Omit every picture while repeating the entries exactly.

-=-=-

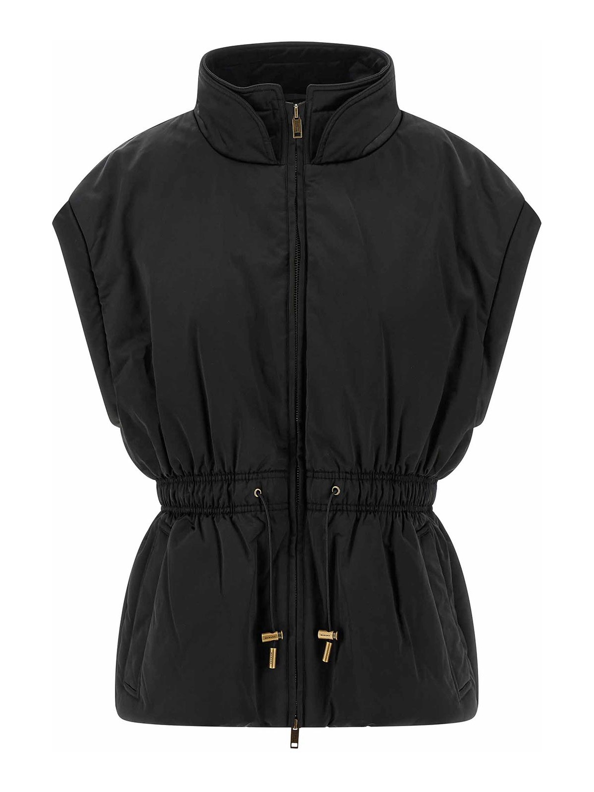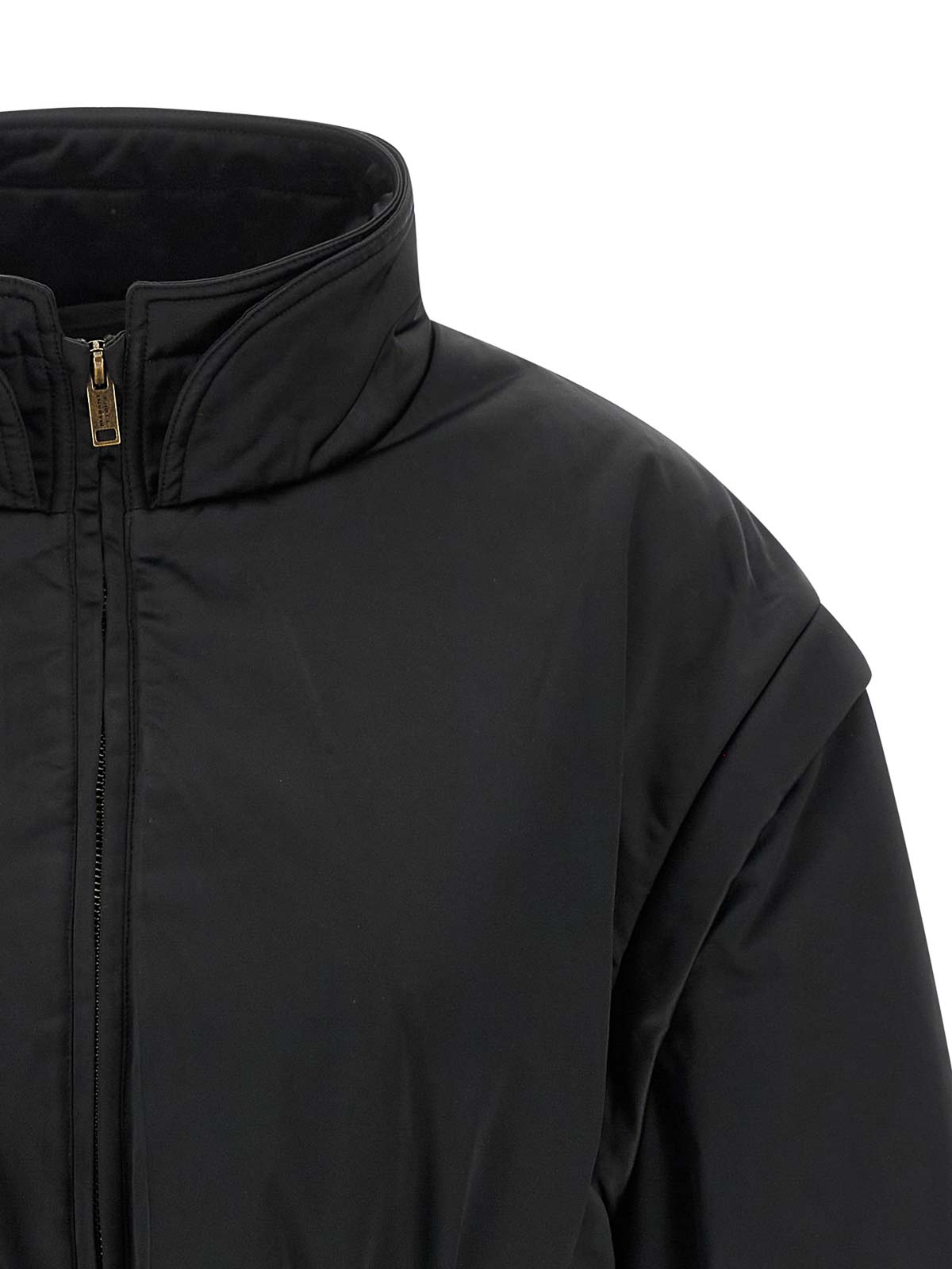 dastyni' quilted and padded satin jacket, double high collar, front zip closure, drawstring elastic waistband, pockets, long sleeves with removable elastic cuffs
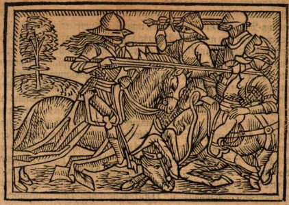 This engraving depicts Penthesilea, the queen of the Amazons, riding a horse into battle with her lance pointed towards her enemies. She is depicted with her long hair sticking out from her helmet to identify her as a woman. Penthesilea, as Boccaccio describes, was a great warrior. She wanted to secure a strong heir for the Amazons, so she sought out Hector of Troy to provide her with an heir. She fought in a battle against the Greeks to prove herself worthy of bearing Hectors child. The enemies she is fighting against in the image are the Greek soldiers in the Trojan War.
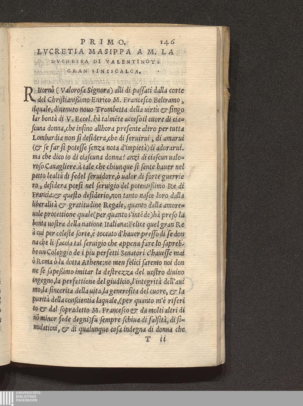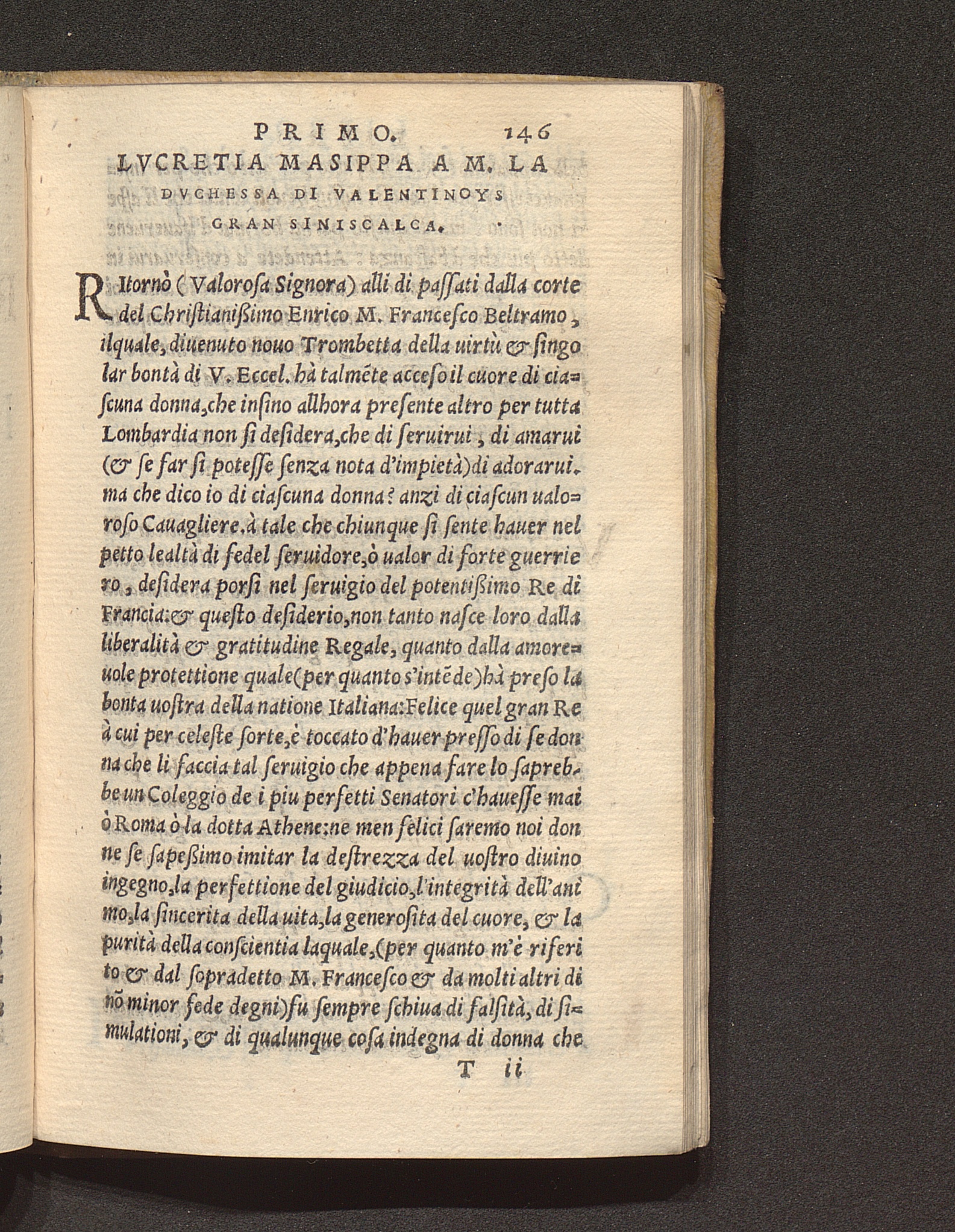 Lvcretia Masippa A M. La Dvchessa Di Valentinoys Gran Siniscalca.
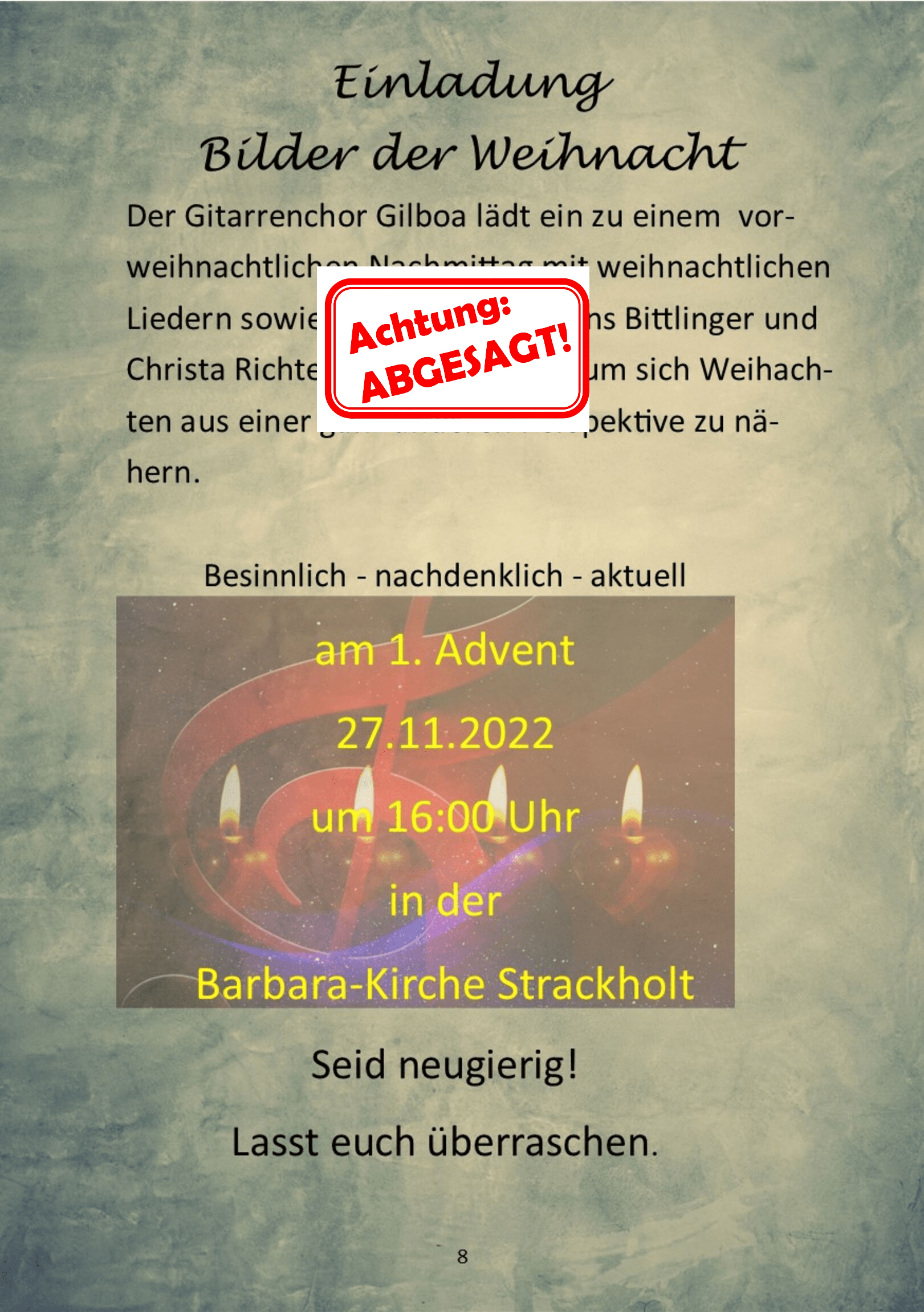 Der Gitarrenchor Gilboa lädt ein zu einem vorweihnachtlichen Nachmittag mit weihnachtlichen Liedern sowie Texten von Clemens Bittlinger und Christa Richter. Ein Nachmittag, um sich Weihachten aus einer ganz anderen Perspektive zu nähern.
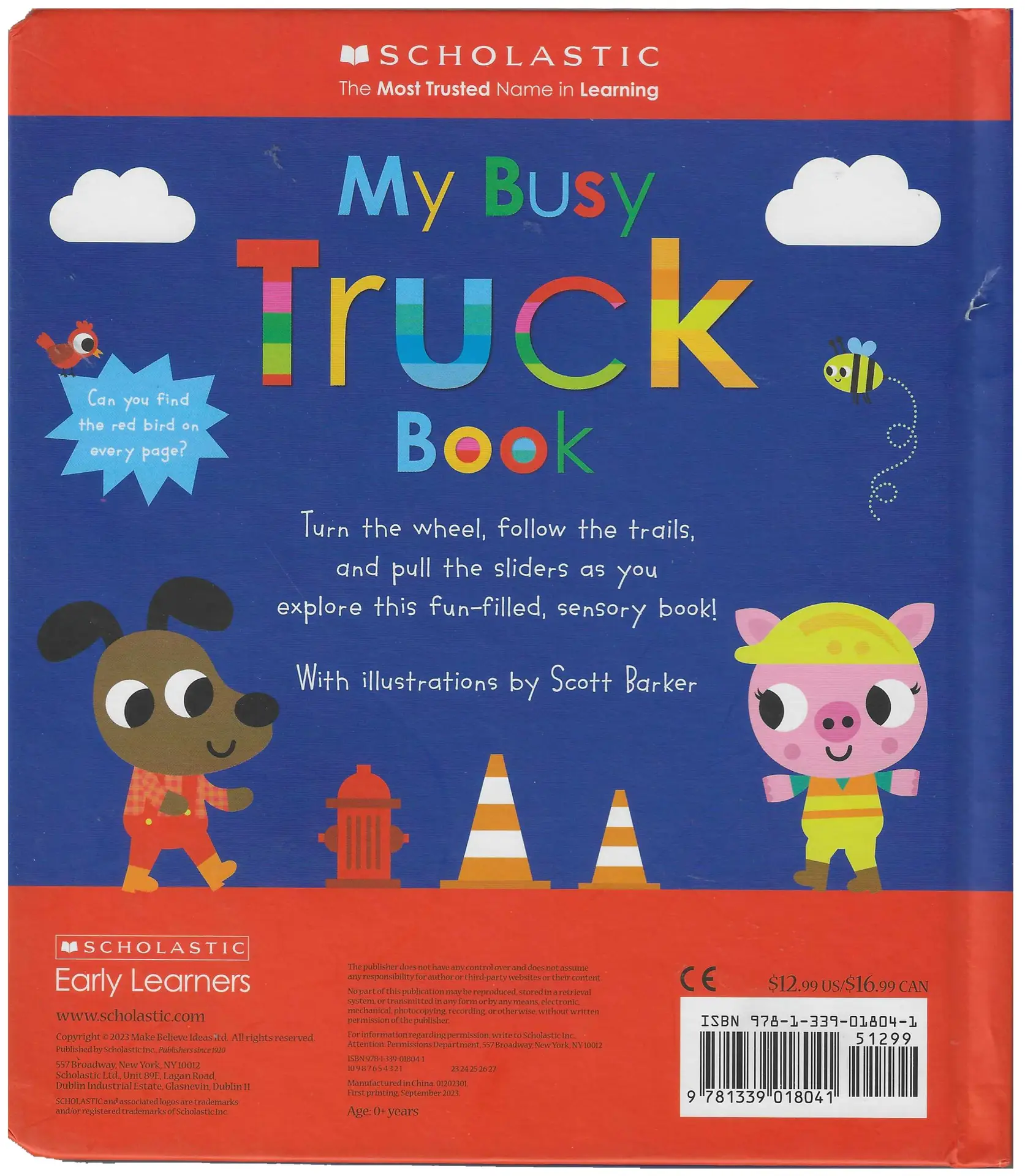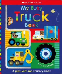An interactive truck book featuring sensory touches, a real spinning wheel, and finger trails to help develop fine motor and early literacy skills. Perfect for the busy hands and busy brains of toddlers!
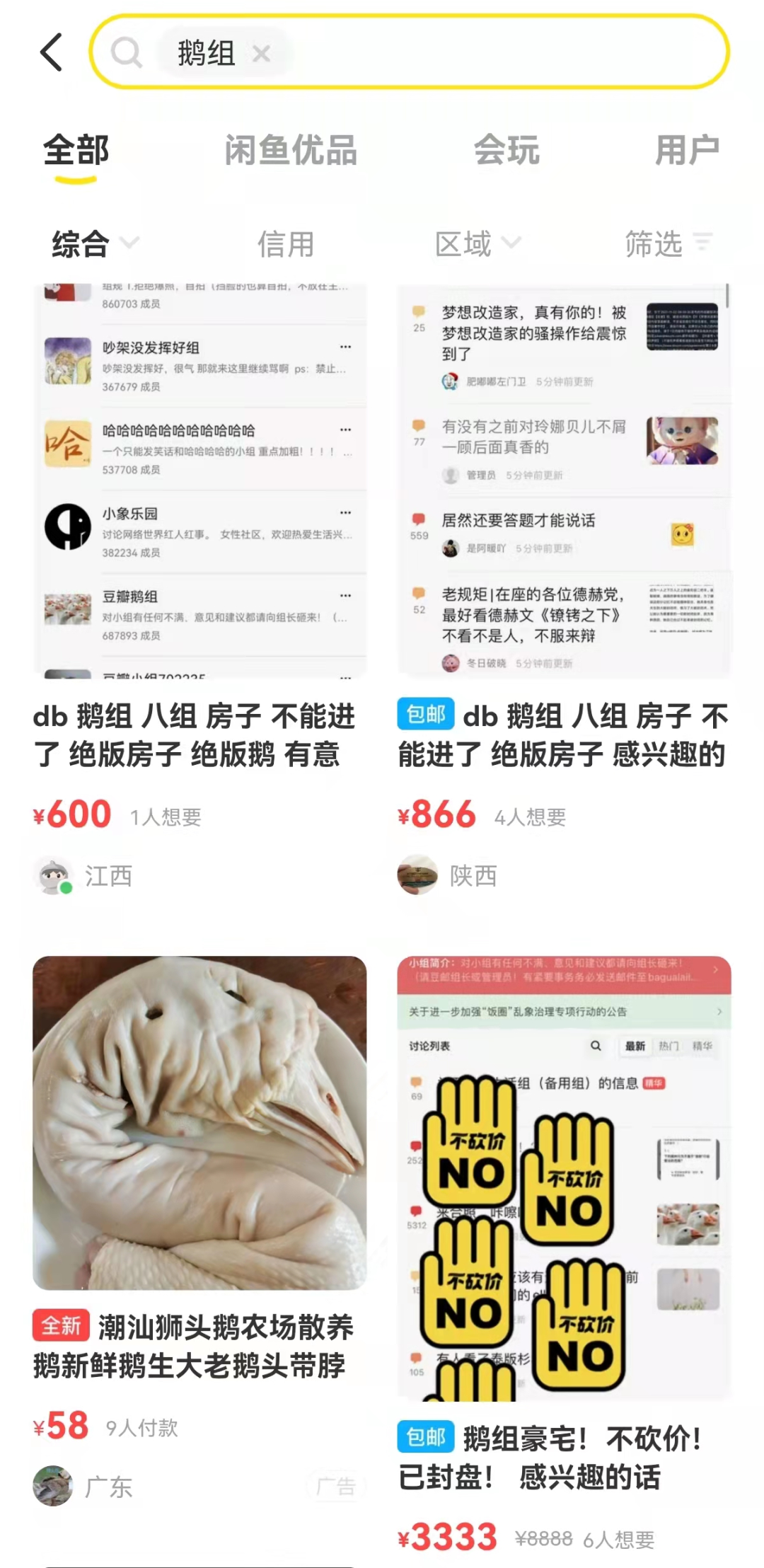 八组的影响力巨大,已经是不争的事实。与此同时,进组也越发困难。在闲鱼上,鹅组的“房子”甚至可卖到上千元。
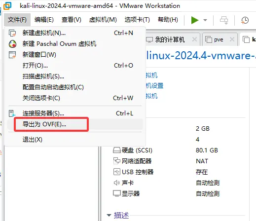 1、 在VMware中导出需要的虚拟机,导出格式为OVF
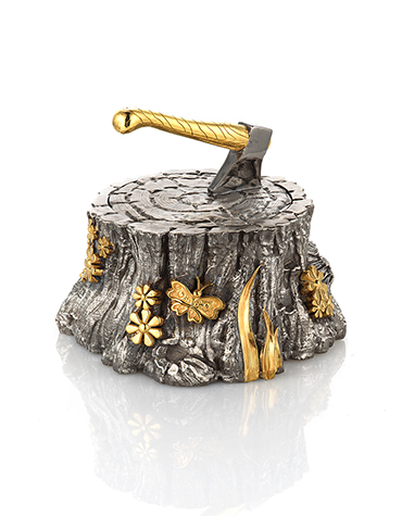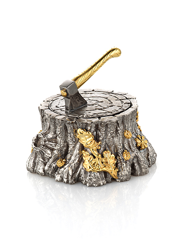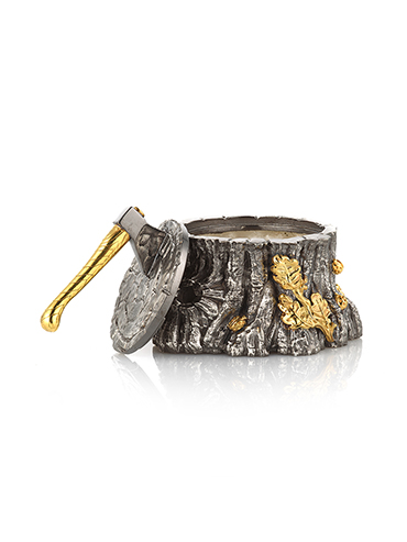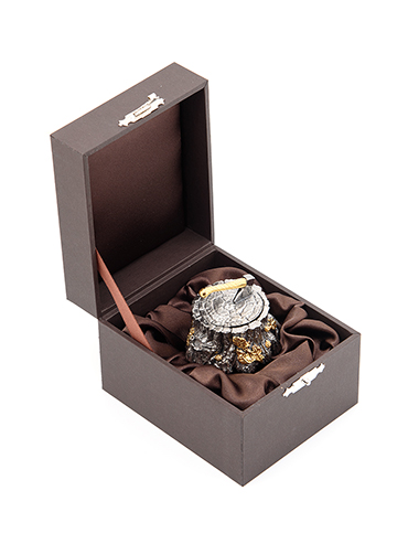 Премиальная солонка в русской интерпретации «trompe l’oeil» выполнена вручную полностью из серебра и упакована в подарочный футляр.
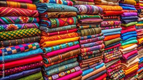 Assorted Colorful Fabrics and Textiles Displayed in a Neatly Stacked Arrangement for Design Use
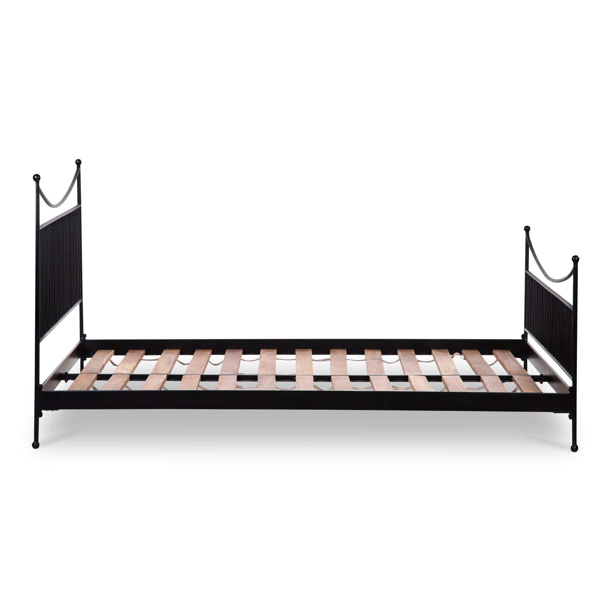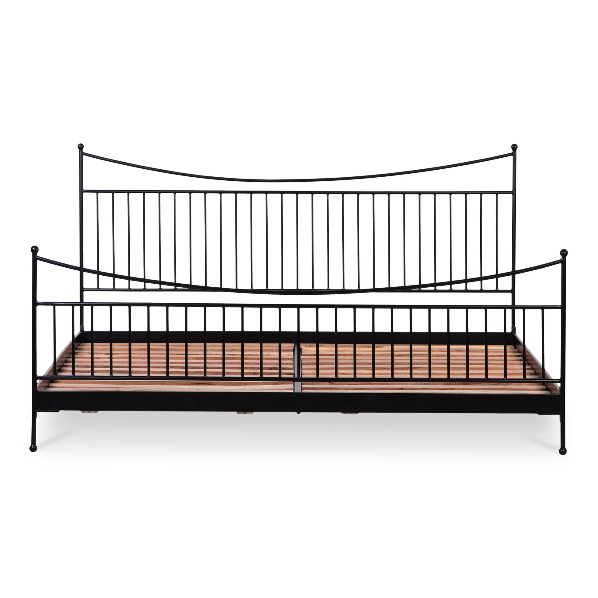 Drawing inspiration from the desire to balance metal's sturdy nature with a gentler aesthetic, the Monet bed features graceful curves and finial detailing reminiscent of classic architecture. Traditional slatting on both the headboard and footboard adds texture and visual depth, and the unique fusion of materials offers a softer take on the metal bed.
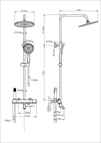 Оснащение Смеситель / Душевой шланг/ Держатель для душа / Душевая штанга / Верхний душ / Душевая лейка / Эксцентрики / Монтажный комплект
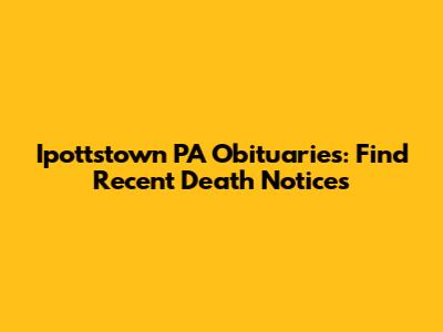 Are you looking for Ipottstown, PA obituaries? Searching for obituaries can be a difficult and emotional task, but it's an important way to honor the lives of loved ones and stay connected to your community. In this article, we'll explore how to find obituaries in Ipottstown, PA, and provide some helpful resources to make the process easier. Whether you're trying to locate a specific obituary or simply want to stay informed about recent deaths in the area, this guide will provide you with the information you need. Let's dive in and explore the world of Ipottstown obituaries together.
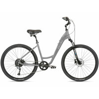 Комфортабельный женский велосипед с оборудованием высшего любительского класса Shimano, 9 скоростей. Технические особенности: алюминиевая рама Heat-treated 6061 aluminum, амортизационная вилка SR Suntour SF20 NEX HLO-DS, двойные обода Double-Wall Alloy, дисковые гидравлические тормоза Shimano MT201, амортизированный подседельный штырь, регулируемый вынос, комфортное седло. Подходит для комфортного катания в городских условиях и по несложным маршрутам в лесу.
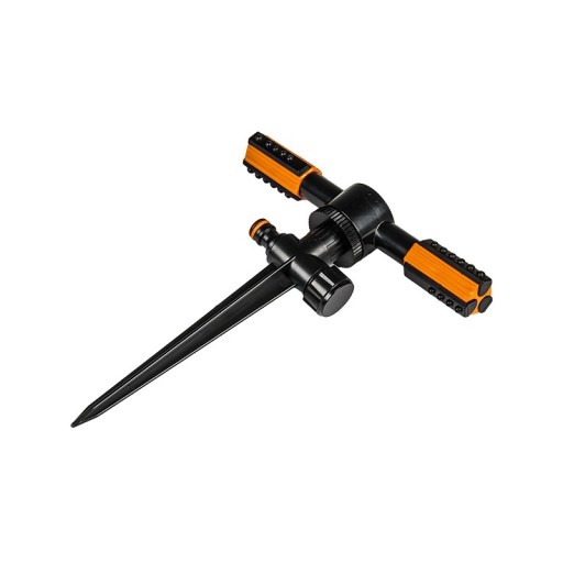 2-ramienny zraszacz obrotowy "DUO". Wykonany z tworzywa sztucznego na kolcu. Każde ramię jest regulowane w 3 pozycjach. Możliwość szeregowego połączenia z innymi zraszaczami. Obszar zraszania 13m.

-=-=-

— RESPONSE AREA —
 dastyni' quilted and padded satin jacket, double high collar, front zip closure, drawstring elastic waistband, pockets, long sleeves with removable elastic cuffs
 This engraving depicts Penthesilea, the queen of the Amazons, riding a horse into battle with her lance pointed towards her enemies. She is depicted with her long hair sticking out from her helmet to identify her as a woman. Penthesilea, as Boccaccio describes, was a great warrior. She wanted to secure a strong heir for the Amazons, so she sought out Hector of Troy to provide her with an heir. She fought in a battle against the Greeks to prove herself worthy of bearing Hectors child. The enemies she is fighting against in the image are the Greek soldiers in the Trojan War.
 Lvcretia Masippa A M. La Dvchessa Di Valentinoys Gran Siniscalca.
 Der Gitarrenchor Gilboa lädt ein zu einem vorweihnachtlichen Nachmittag mit weihnachtlichen Liedern sowie Texten von Clemens Bittlinger und Christa Richter. Ein Nachmittag, um sich Weihachten aus einer ganz anderen Perspektive zu nähern.
An interactive truck book featuring sensory touches, a real spinning wheel, and finger trails to help develop fine motor and early literacy skills. Perfect for the busy hands and busy brains of toddlers!
 八组的影响力巨大,已经是不争的事实。与此同时,进组也越发困难。在闲鱼上,鹅组的“房子”甚至可卖到上千元。
 1、 在VMware中导出需要的虚拟机,导出格式为OVF
 Премиальная солонка в русской интерпретации «trompe l’oeil» выполнена вручную полностью из серебра и упакована в подарочный футляр.
 Assorted Colorful Fabrics and Textiles Displayed in a Neatly Stacked Arrangement for Design Use
 Drawing inspiration from the desire to balance metal's sturdy nature with a gentler aesthetic, the Monet bed features graceful curves and finial detailing reminiscent of classic architecture. Traditional slatting on both the headboard and footboard adds texture and visual depth, and the unique fusion of materials offers a softer take on the metal bed.
 Оснащение Смеситель / Душевой шланг/ Держатель для душа / Душевая штанга / Верхний душ / Душевая лейка / Эксцентрики / Монтажный комплект
 Are you looking for Ipottstown, PA obituaries? Searching for obituaries can be a difficult and emotional task, but it's an important way to honor the lives of loved ones and stay connected to your community. In this article, we'll explore how to find obituaries in Ipottstown, PA, and provide some helpful resources to make the process easier. Whether you're trying to locate a specific obituary or simply want to stay informed about recent deaths in the area, this guide will provide you with the information you need. Let's dive in and explore the world of Ipottstown obituaries together.
 Комфортабельный женский велосипед с оборудованием высшего любительского класса Shimano, 9 скоростей. Технические особенности: алюминиевая рама Heat-treated 6061 aluminum, амортизационная вилка SR Suntour SF20 NEX HLO-DS, двойные обода Double-Wall Alloy, дисковые гидравлические тормоза Shimano MT201, амортизированный подседельный штырь, регулируемый вынос, комфортное седло. Подходит для комфортного катания в городских условиях и по несложным маршрутам в лесу.
 2-ramienny zraszacz obrotowy "DUO". Wykonany z tworzywa sztucznego na kolcu. Każde ramię jest regulowane w 3 pozycjach. Możliwość szeregowego połączenia z innymi zraszaczami. Obszar zraszania 13m.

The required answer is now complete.